Stored dataset items
═══
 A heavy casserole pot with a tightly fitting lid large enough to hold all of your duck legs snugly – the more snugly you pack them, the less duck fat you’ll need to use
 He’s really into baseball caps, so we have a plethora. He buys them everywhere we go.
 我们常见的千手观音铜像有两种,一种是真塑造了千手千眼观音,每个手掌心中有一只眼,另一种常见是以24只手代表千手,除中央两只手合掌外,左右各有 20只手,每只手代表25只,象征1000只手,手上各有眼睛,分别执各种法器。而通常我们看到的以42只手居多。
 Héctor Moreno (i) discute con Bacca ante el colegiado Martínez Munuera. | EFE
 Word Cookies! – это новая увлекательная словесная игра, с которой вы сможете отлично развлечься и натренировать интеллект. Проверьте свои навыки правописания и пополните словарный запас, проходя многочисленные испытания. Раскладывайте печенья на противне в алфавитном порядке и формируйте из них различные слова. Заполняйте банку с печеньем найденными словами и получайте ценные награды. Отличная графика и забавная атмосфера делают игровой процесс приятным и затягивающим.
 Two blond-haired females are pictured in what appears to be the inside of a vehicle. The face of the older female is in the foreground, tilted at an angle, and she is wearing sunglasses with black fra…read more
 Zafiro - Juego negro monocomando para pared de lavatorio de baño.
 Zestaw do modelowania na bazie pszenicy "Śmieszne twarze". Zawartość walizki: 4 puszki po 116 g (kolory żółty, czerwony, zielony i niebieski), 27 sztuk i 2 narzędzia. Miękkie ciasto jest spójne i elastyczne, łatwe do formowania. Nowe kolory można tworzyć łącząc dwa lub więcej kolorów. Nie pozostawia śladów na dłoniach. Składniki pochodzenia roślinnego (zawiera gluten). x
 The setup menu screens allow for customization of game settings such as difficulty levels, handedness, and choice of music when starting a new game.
═══
**The problem:**
Your output must be an exact copy of every entry.

**Task response:**
 A heavy casserole pot with a tightly fitting lid large enough to hold all of your duck legs snugly – the more snugly you pack them, the less duck fat you’ll need to use
 He’s really into baseball caps, so we have a plethora. He buys them everywhere we go.
 我们常见的千手观音铜像有两种,一种是真塑造了千手千眼观音,每个手掌心中有一只眼,另一种常见是以24只手代表千手,除中央两只手合掌外,左右各有 20只手,每只手代表25只,象征1000只手,手上各有眼睛,分别执各种法器。而通常我们看到的以42只手居多。
 Héctor Moreno (i) discute con Bacca ante el colegiado Martínez Munuera. | EFE
 Word Cookies! – это новая увлекательная словесная игра, с которой вы сможете отлично развлечься и натренировать интеллект. Проверьте свои навыки правописания и пополните словарный запас, проходя многочисленные испытания. Раскладывайте печенья на противне в алфавитном порядке и формируйте из них различные слова. Заполняйте банку с печеньем найденными словами и получайте ценные награды. Отличная графика и забавная атмосфера делают игровой процесс приятным и затягивающим.
 Two blond-haired females are pictured in what appears to be the inside of a vehicle. The face of the older female is in the foreground, tilted at an angle, and she is wearing sunglasses with black fra…read more
 Zafiro - Juego negro monocomando para pared de lavatorio de baño.
 Zestaw do modelowania na bazie pszenicy "Śmieszne twarze". Zawartość walizki: 4 puszki po 116 g (kolory żółty, czerwony, zielony i niebieski), 27 sztuk i 2 narzędzia. Miękkie ciasto jest spójne i elastyczne, łatwe do formowania. Nowe kolory można tworzyć łącząc dwa lub więcej kolorów. Nie pozostawia śladów na dłoniach. Składniki pochodzenia roślinnego (zawiera gluten). x
 The setup menu screens allow for customization of game settings such as difficulty levels, handedness, and choice of music when starting a new game.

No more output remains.